• _About this task_
Given these entries, repeat exactly the lines starting with the one that has "Based on these" and going on through the one that has "This is a beautiful", both included, but none of the pictures.

══ Given entries ══

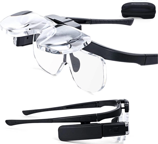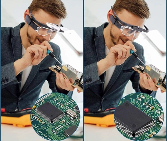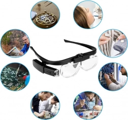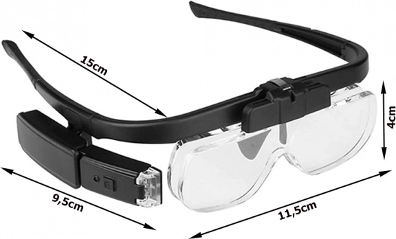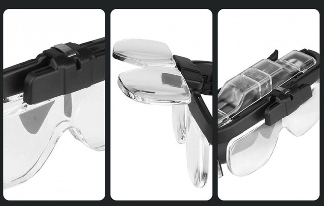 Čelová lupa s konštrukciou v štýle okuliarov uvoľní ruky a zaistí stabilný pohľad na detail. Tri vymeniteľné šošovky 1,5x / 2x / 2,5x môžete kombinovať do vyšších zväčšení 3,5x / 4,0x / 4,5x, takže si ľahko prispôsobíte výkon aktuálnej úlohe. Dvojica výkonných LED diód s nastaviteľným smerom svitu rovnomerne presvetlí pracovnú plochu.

═══
══ Given entries ══

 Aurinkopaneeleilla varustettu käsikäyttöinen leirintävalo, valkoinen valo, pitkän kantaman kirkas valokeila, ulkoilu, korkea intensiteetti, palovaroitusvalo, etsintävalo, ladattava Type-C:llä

═══
══ Given entries ══

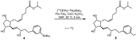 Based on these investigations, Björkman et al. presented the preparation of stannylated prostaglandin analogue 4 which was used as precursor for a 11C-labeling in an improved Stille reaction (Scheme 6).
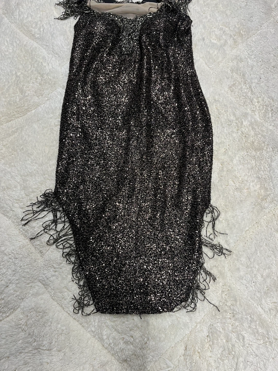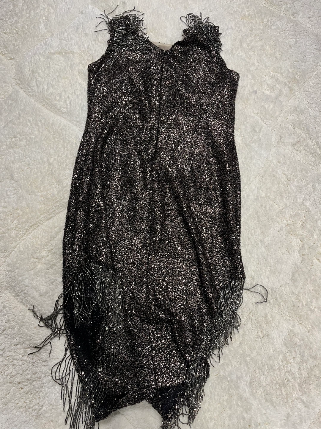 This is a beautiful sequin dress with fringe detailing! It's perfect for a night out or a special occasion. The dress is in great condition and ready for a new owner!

═══

• _Task output_
 Based on these investigations, Björkman et al. presented the preparation of stannylated prostaglandin analogue 4 which was used as precursor for a 11C-labeling in an improved Stille reaction (Scheme 6).
 This is a beautiful sequin dress with fringe detailing! It's perfect for a night out or a special occasion. The dress is in great condition and ready for a new owner!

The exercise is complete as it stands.